When you transcribe the listing that follows, keep every line exact and omit the pictures.

→ **Collected material**
- - -

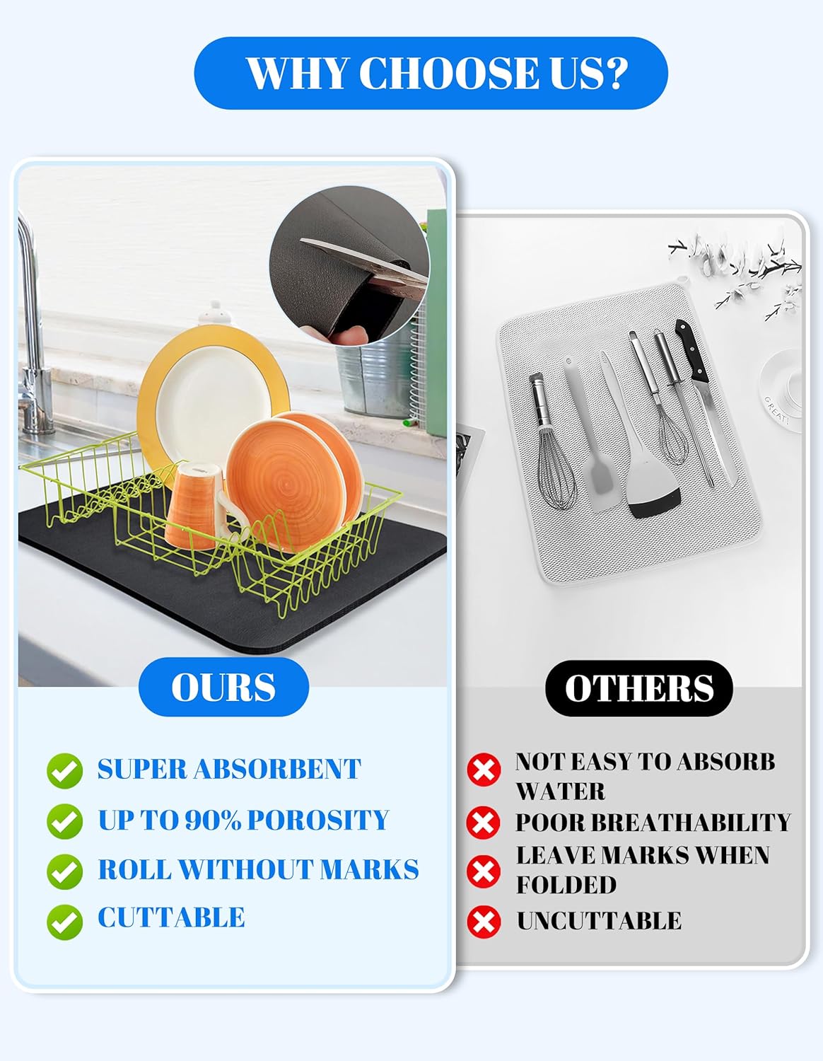 - DISH DRYING MAT: The drying mat is soft and absorbent, Always keep countertops clean and tidy. A practical kitchen mat accessory is definitely worth choosing.
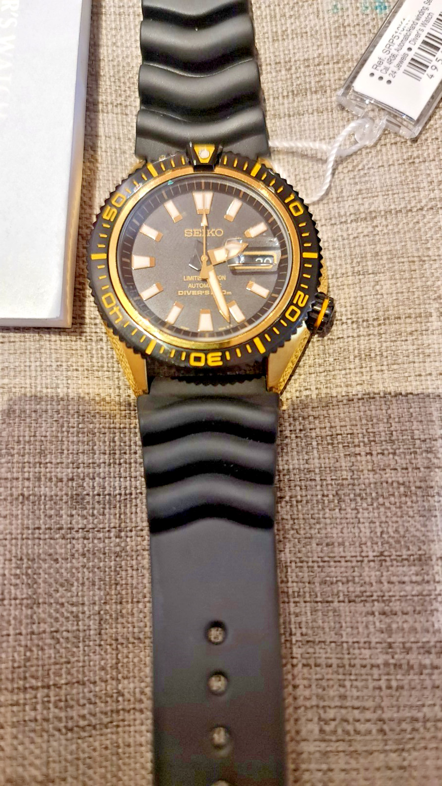 как выглядит SEIKO STARGATE II SRP510K1 Superior Gold Black Limited Diver Watch Rubber 200m фото
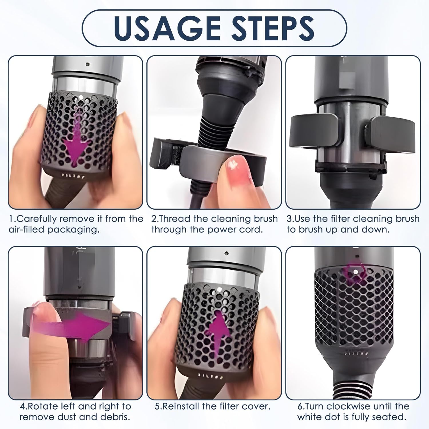 Ideal for home users maintaining personal hair dryers, salon staff cleaning tools between clients, or travelers keeping compact dryers clean; it also works with small styling tools that have circular filters. As cleaning kit , a handy tip: clean the filter after every 5-8 uses—this prevents lint from hardening on the filter, making future cleaning faster and easier.
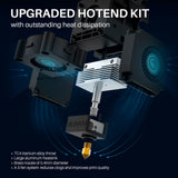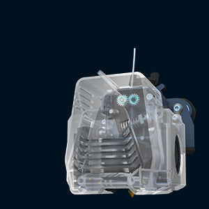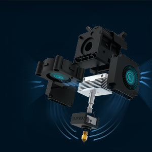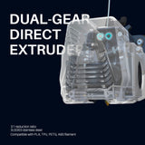 The double-gear direct extruder features a motor with three times the extrusion torque and enhanced gearing force, working with a titanium alloy throat pipe for easier filament feeding and more stable and precise printing.

- - -

→ **Answer section**
 - DISH DRYING MAT: The drying mat is soft and absorbent, Always keep countertops clean and tidy. A practical kitchen mat accessory is definitely worth choosing.
 как выглядит SEIKO STARGATE II SRP510K1 Superior Gold Black Limited Diver Watch Rubber 200m фото
 Ideal for home users maintaining personal hair dryers, salon staff cleaning tools between clients, or travelers keeping compact dryers clean; it also works with small styling tools that have circular filters. As cleaning kit , a handy tip: clean the filter after every 5-8 uses—this prevents lint from hardening on the filter, making future cleaning faster and easier.
 The double-gear direct extruder features a motor with three times the extrusion torque and enhanced gearing force, working with a titanium alloy throat pipe for easier filament feeding and more stable and precise printing.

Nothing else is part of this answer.